If I Stay
- Author: Gayle Forman
- Language: English
- Genre: Young adult fiction
- Publisher: Dutton Penguin
- Publication date: 2009
- Publication place: International
- Media type: Print (hard cover, paper back), Audiobook, eBook
- Pages: 210
- ISBN: 9780142415436
- Followed by: Where She Went
- Website: gayleforman.com

= If I Stay =

2009 novel by Gayle Forman

If I Stay is a young adult novel by Gayle Forman published in 2009. The story follows 17-year-old Mia Hall as she deals with the aftermath of a catastrophic car accident involving her family. Mia is the only member of her family to survive, and she finds herself in a coma. Through this coma, however, Mia has an out-of-body experience. Through this, she is able to watch the actions around her, as close friends and family gather at the hospital where she is being treated. The book follows Mia's stories and the unfolding of her life through a series of flashbacks. Mia finds herself stuck between two worlds: the world of the living, and the world of those who have moved on. Mia realizes that she must use her past and her relationships to make a decision for her future. Her options are to stay with her grandparents and Adam, her boyfriend, and cope with the grief of losing her parents and her brother. Or, join her deceased family members in the afterlife and avoid the pain of living without her mother, father, and little brother.
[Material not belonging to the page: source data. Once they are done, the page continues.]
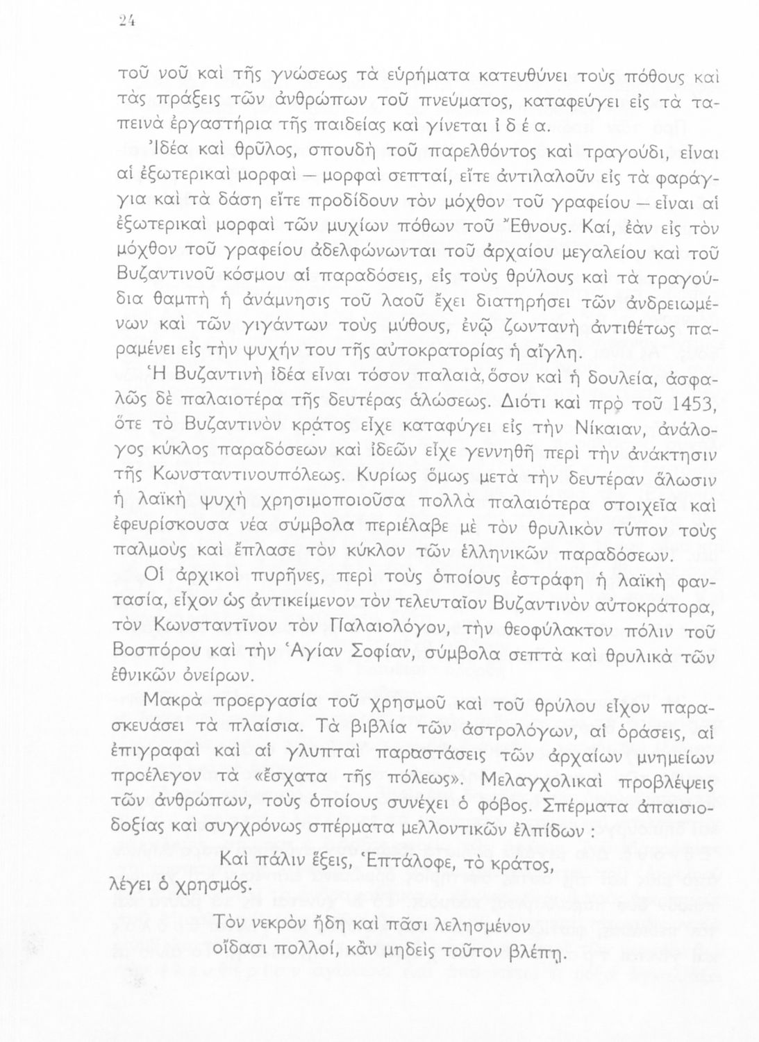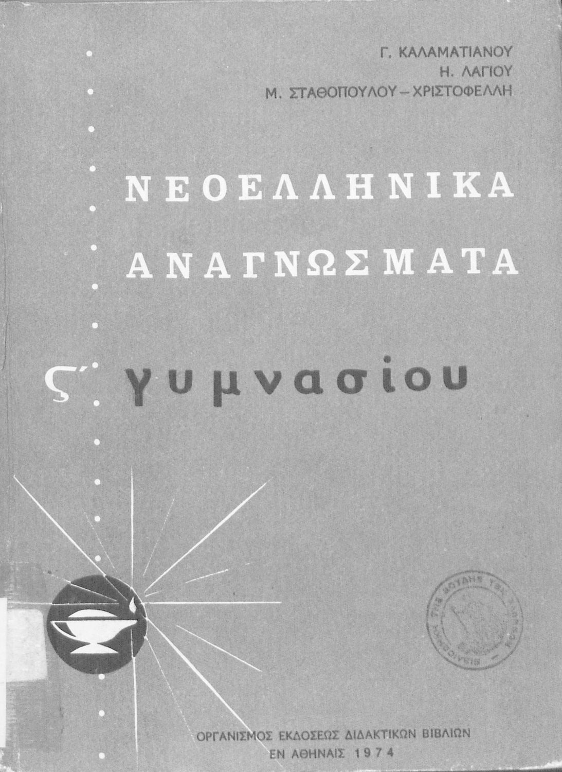 Σχολικό εγχειρίδιο για την ΣΤ΄ Γυμνασίου για το μάθημα των Νέων Ελληνικών. Το εγχειρίδιο περιλαμβάνει κείμενα πεζού λόγου και ποιήματα γραμμένα σε δημοτική και καθαρεύουσα γλώσσα από την βυζαντινή και μεταβυζαντινή λογοτεχνία, την κρητική περίοδο, δημοτικά και θεατρικά ποιήματα, κείμενα που σχετίζονται με την Ελληνική Επανάσταση, από την απελευθερωμένη Ελλάδα και μεταφράσεις ξένων ποιητικών και λογοτεχνικών κειμένων.
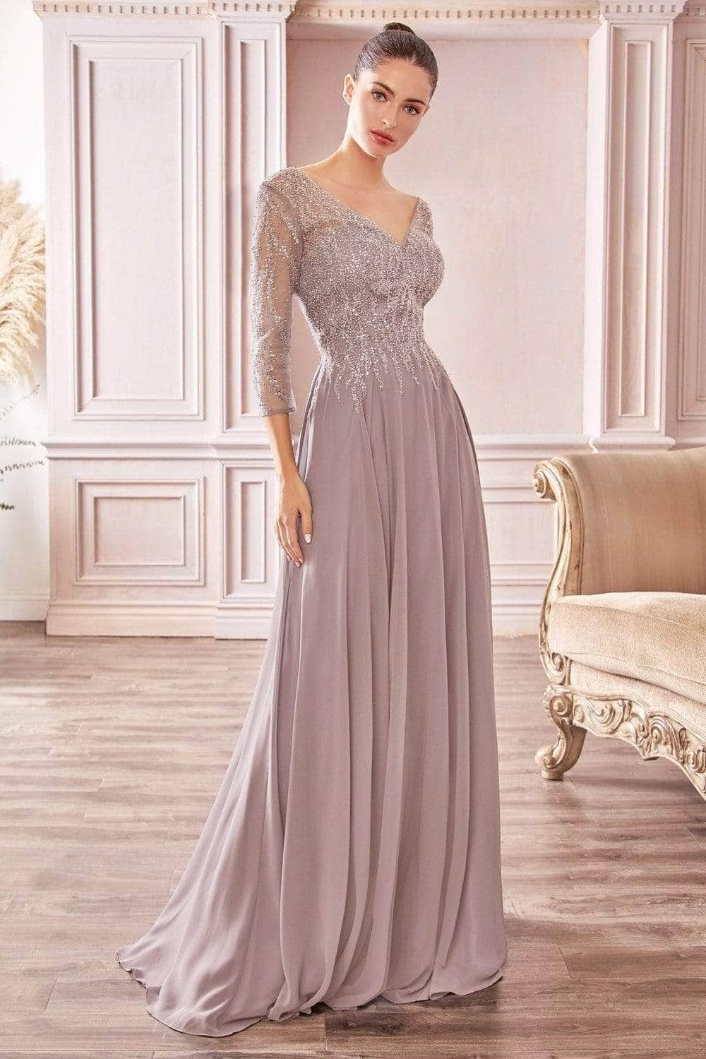 Wear this luxurious creation by Ladivine CD0171 to flaunt your refined style. This formal evening gown in soft chiffon fabric has a full A-line silhouette. The dress has a portrait V-neckline. sheer quarter-length sleeves. and a sweetheart-lined bodice with sparkly stone accents. The skirt has delicate gathers from the natural waist and flows gracefully down to the floor with a subtle sweep train. Wearing this noticeably elegant style by Ladivine CD0171. you are all set to fascinate everyone on that special occasion. The models are dressed in Smoky Blue. Mauve. and Dusty Rose. Find more mother of the bride dresses.
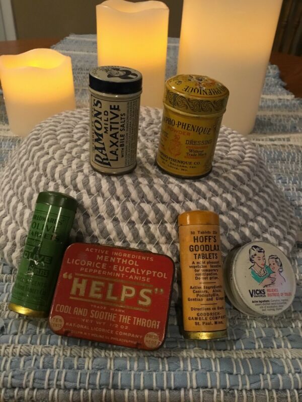 Title (ebay affiliate link): Tins Lot -Laxatives-Ramon-Campho Phenique-Hoff-vicks-Dr.Edwards-Menthol-medical
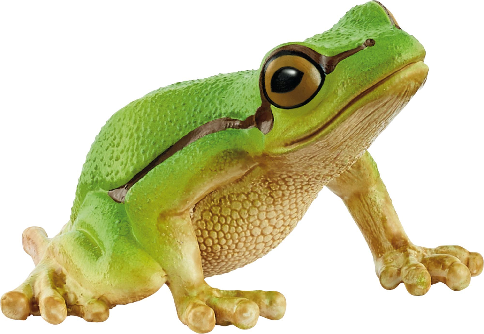 Der Europäische Laubfrosch wird nur drei bis vier Zentimeter groß. Obwohl er so klein ist, ist er nicht leicht zu übersehen. Er ist nämlich leuchtend grün. Nur der Bauch ist hellbraun bis cremefarben gefärbt. Von der flachen, breiten Schnauze am Auge vorbei üb...
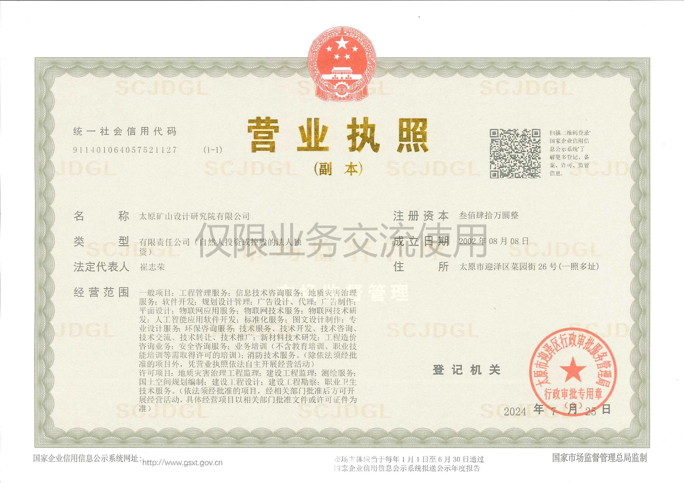 公司主要從事礦山采選尾工程設(shè)計(jì)、智能化及自動化礦山、建設(shè)綠色礦山、工程技術(shù)咨詢、規(guī)劃設(shè)計(jì)管理、施工勞務(wù)分包、土地規(guī)劃、地質(zhì)災(zāi)害治理服務(wù)、安全生產(chǎn)技術(shù)服務(wù)、軟件開發(fā)及測繪服務(wù);煤礦、非煤礦山設(shè)計(jì);煤礦、非煤礦山、危險(xiǎn)化學(xué)品安全評價(jià)(業(yè)務(wù)范圍:煤炭開采業(yè);金屬、非金屬及其他礦采選業(yè);石油加工業(yè),化學(xué)原料、化學(xué)品及醫(yī)藥制造業(yè));非煤礦山、冶金等工商貿(mào)企業(yè)、危險(xiǎn)化學(xué)品從業(yè)單位安全生產(chǎn)標(biāo)準(zhǔn)化評審;公共場所衛(wèi)生、生活飲用水、公共場所集中中央空調(diào)通風(fēng)系統(tǒng)的檢驗(yàn)、檢測、評價(jià);職業(yè)健康檢測檢驗(yàn);建設(shè)項(xiàng)目職業(yè)病危害評價(jià)、職業(yè)危害因素檢測與評價(jià);安責(zé)險(xiǎn)技術(shù)服務(wù);業(yè)務(wù)培訓(xùn)等工作。
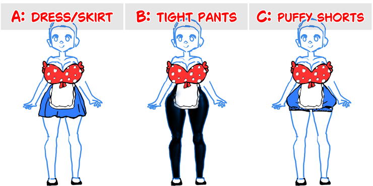 - B: Tight Pants may be good for better view of character shape.
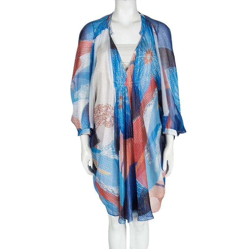 Easy to carry and just perfect for the season, this Diane Von Furstenberg Kaftan dress will be a wardrobe favorite. It has been made from a silk blend and styled in a silhouette that is trendy and fuss-free. It flaunts batik land print all over and a V neck. Wear this creation with beige sandals and look stylish.

The novel received positive reviews from the young adult audience, and Summit Entertainment optioned it in December 2010, for a 2014 film adaptation.

A novel continuing Mia's story, Where She Went, was published in April 2011.

==Plot==
17-year-old Mia Hall is an aspiring concert cellist living in Portland, Oregon with her parents and younger brother Teddy. When school is closed one day on account of the snowy weather, the family decides to go for a morning drive, but ice on the roads causes their car to swerve into another lane, where a car crashes into theirs. Mia awakens to find the bodies of her parents, who have died upon impact. Mia comes across her own severely injured body and realizes she is having an out of body experience. She follows her physical body to the hospital, where she watches her extended family rushing to take care of her while her best friend Kim and her boyfriend Adam struggle to reach the hospital. She also watches as doctors struggle to revive Teddy, who eventually succumbs to his injuries. Through her experience, Mia reflects on her life, reminiscing about the development of her relationship with Adam, the development of her passion and talent for playing the cello, and the obstacles of being a teenager who feels out of place no matter where she goes. Mia struggles to decide whether she will awaken from the coma to be with her remaining family and Adam, or whether to join her parents and Teddy in death. She very nearly makes the decision to pass on until Adam finally reaches her hospital room and tearfully begs her to stay. Mia then experiences a vision of how the remainder of her life will play out. The novel ends just as she wakes up.

==Characters==
- Mia Hall: Mia is a 17-year-old girl living in Oregon. Though she cares deeply and has a great deal of love for her family, and her boyfriend Adam, the one place in which Mia feels most secure is when she is playing her cello. Her idol is Ludwig van Beethoven. Mia struggles with a sense of fitting in, especially among her parents and her younger brother Teddy. While her entire family shares a great passion for music, Mia stands out as the only classical music inclined member. Both of her parents were great promoters of the rock movement. Even her younger brother Teddy, while young, is already showing an interest in rock. Mia struggles between the two versions of herself, the version that fits in with her music and the version that longs to fit in and get along easily with her family and her boyfriend. Mia struggles to understand why her boyfriend, Adam, cares for her the way he does. She can't understand how he can see past their differences. This poses problems for the two, though their relationship is inherently very strong otherwise.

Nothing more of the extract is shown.